Nada de esto registró en su bitácora el padre del surrealismo,
ni mientras visitaba estos parajes
ni al macerar el inconsciente en las riberas del Sena.

*

DESPEDIDA

Cae pero flota
danza
se detiene para voltear
para mirar atrás
duda
dice adiós
es torpe al despedirse
ligera baila en el viento
nos tributa
su frágil existencia
su arrepentida levedad
de a poco
nos llena de canas
su piel hace más fría
nuestra piel
humedece nuestros zapatos
nos deja en gratitud
una huella
se despide
nos dice adiós
cae pero flota
ella también
es la nieve.

*

UNA HISTORIA VERDADERA

No te engañes.
Si hubo un tiempo en que todo parecía mentira,
tal vez fue así.

Pero fue allí
(y has de agradecerlo)
donde aprendiste a creer sin reparos.

Es cierto, hoy no sabes nada
con exactitud,
salvo que de uno a otro
amanecer suceden cosas.

Hay quienes piensan que los pájaros
se refugian en el canto
porque no quieren mentir.

Pero hay bandadas desorientadas
que buscan el sur
y se equivocan
creyendo, de veras,
que mañana se hará más tibio el sol.

De El cangrejo ermitaño, Antología poética, Colección Visor de Poesía, 2020


Arturo Gutiérrez Plaza (Caracas, 1962).

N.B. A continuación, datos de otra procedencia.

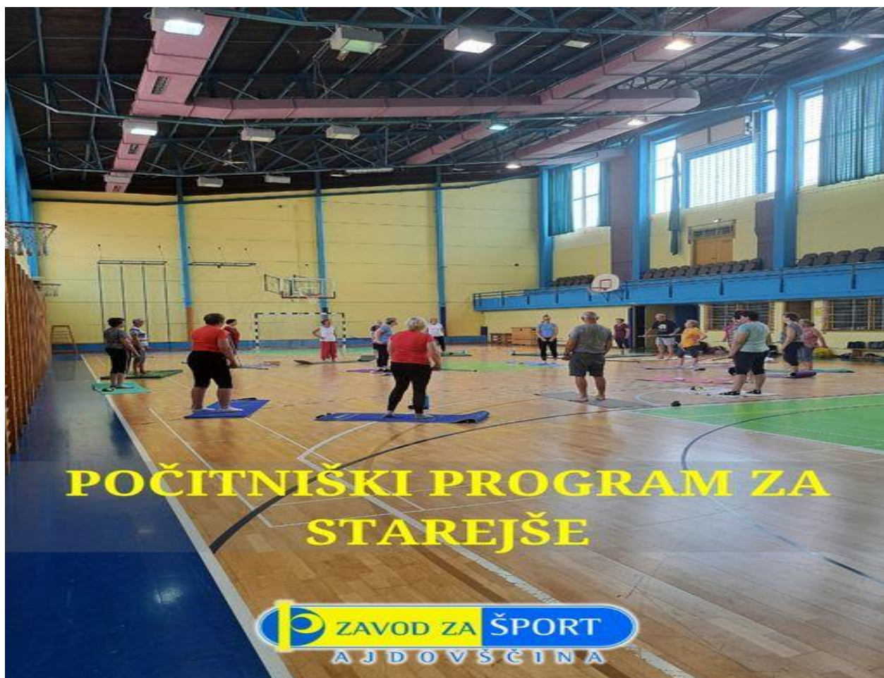
Slika 1: Športne počitnice za starejše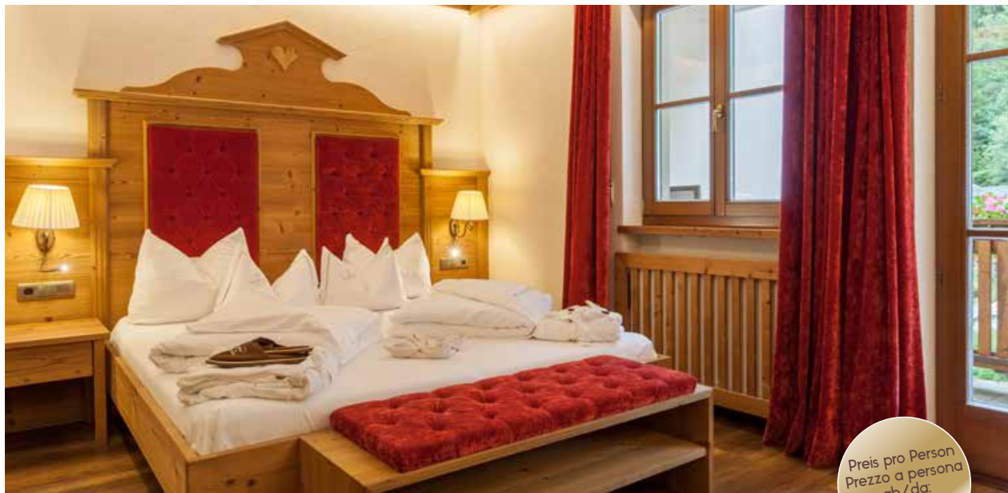
Doppelzimmer Kuschelnest / Camera matrimoniale Nido Coccole (ca. 22 m 2 )

Preis pro Person Prezzo a persona ab/da: € 159,00.-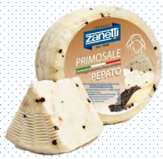
ZNT015 PRIMO SALE SICILIANO POIVRE 1,3KG ZANETTI (Carton x6)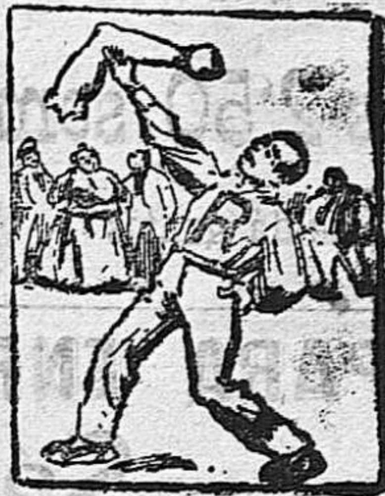
(La solución en el número próximo).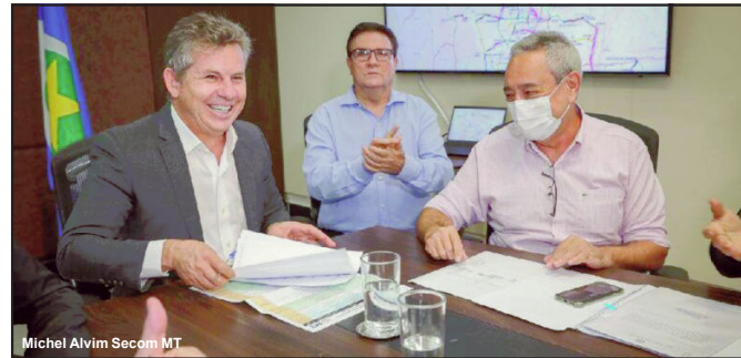
Governador assume compromisso para mais asfalto em AF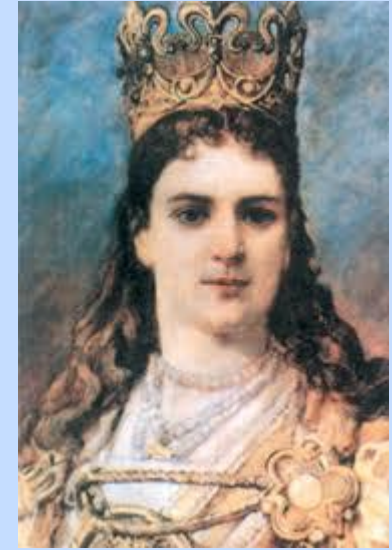
Польская королева Ядвига

Брачный союз скрепил Унию (договор) между Польшей и Литвой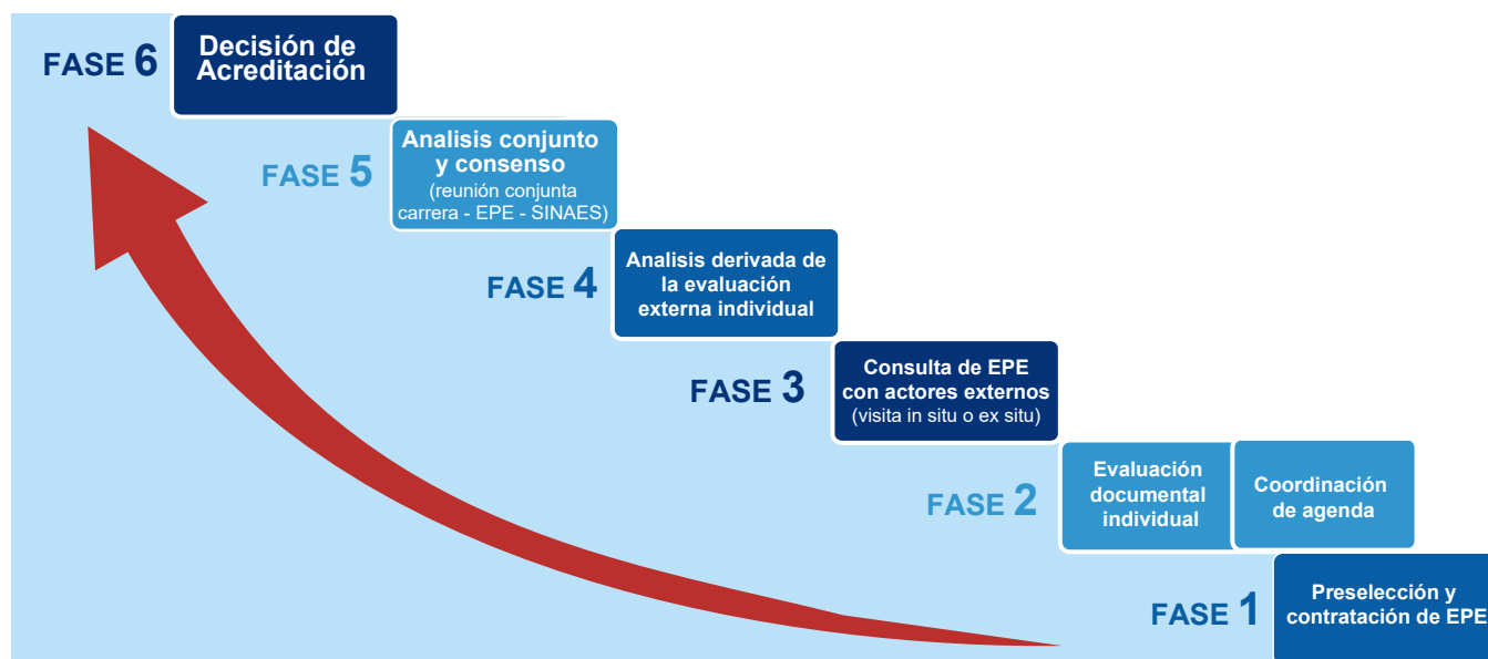
Figura 2. Fases de la etapa de evaluación externa

Esta etapa de la acreditación atraviesa seis fases; tal y como se observa en la Figura 2.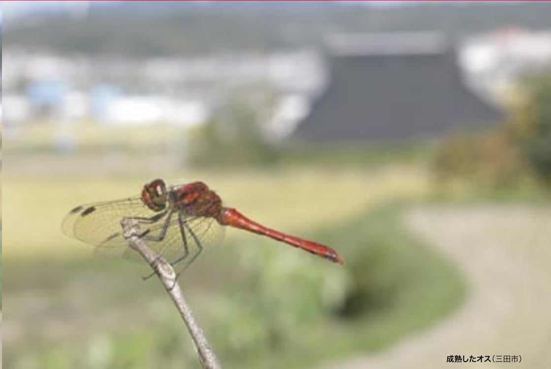
成熟したオス(三田市)

Poeta, ensayista, profesor e investigador universitario. Ha publicado los siguientes libros de poesía: Al margen de las hojas (Monte Ávila, 1991), De espaldas al río (El pez soluble, 1999), Principios de Contabilidad (México: Conaculta, 2000), Pasado en Limpio (Equinoccio/bid&co, 2006) y Cuidados intensivos (Lugar Común, 2014), Cartas de renuncia (Poeteca, 2020) y El cangrejo ermitaño (Madrid: Visor/Fundación para la Cultura Urbana, 2020). Entre sus libros de ensayos, investigación literaria y antologías, se cuentan: Lecturas desplazadas: Encuentros hispanoamericanos con Cervantes y Góngora (Equinoccio, 2009), Itinerarios de la ciudad en la poesía venezolana: una metáfora del cambio (Fundación para la Cultura Urbana, 2010), Las palabras necesarias. Muestra antológica de poesía venezolana del siglo XX (Santiago de Chile: LOM, 2010) y Formas en fuga. Antología poética de Juan Calzadilla (Biblioteca Ayacucho, 2011). Es Magíster en Literatura Latinoamericana, PhD en Lenguas Romances y Literaturas, y profesor titular de la Universidad Simón Bolívar. Ha obtenido, entre otros: el Premio de Poesía de la Bienal Mariano Picón Salas (1995), el Premio Hispanoamericano de Poesía Sor Juana Inés de la Cruz (1999) y el Premio Transgenérico de la Fundación para la Cultura Urbana (2009).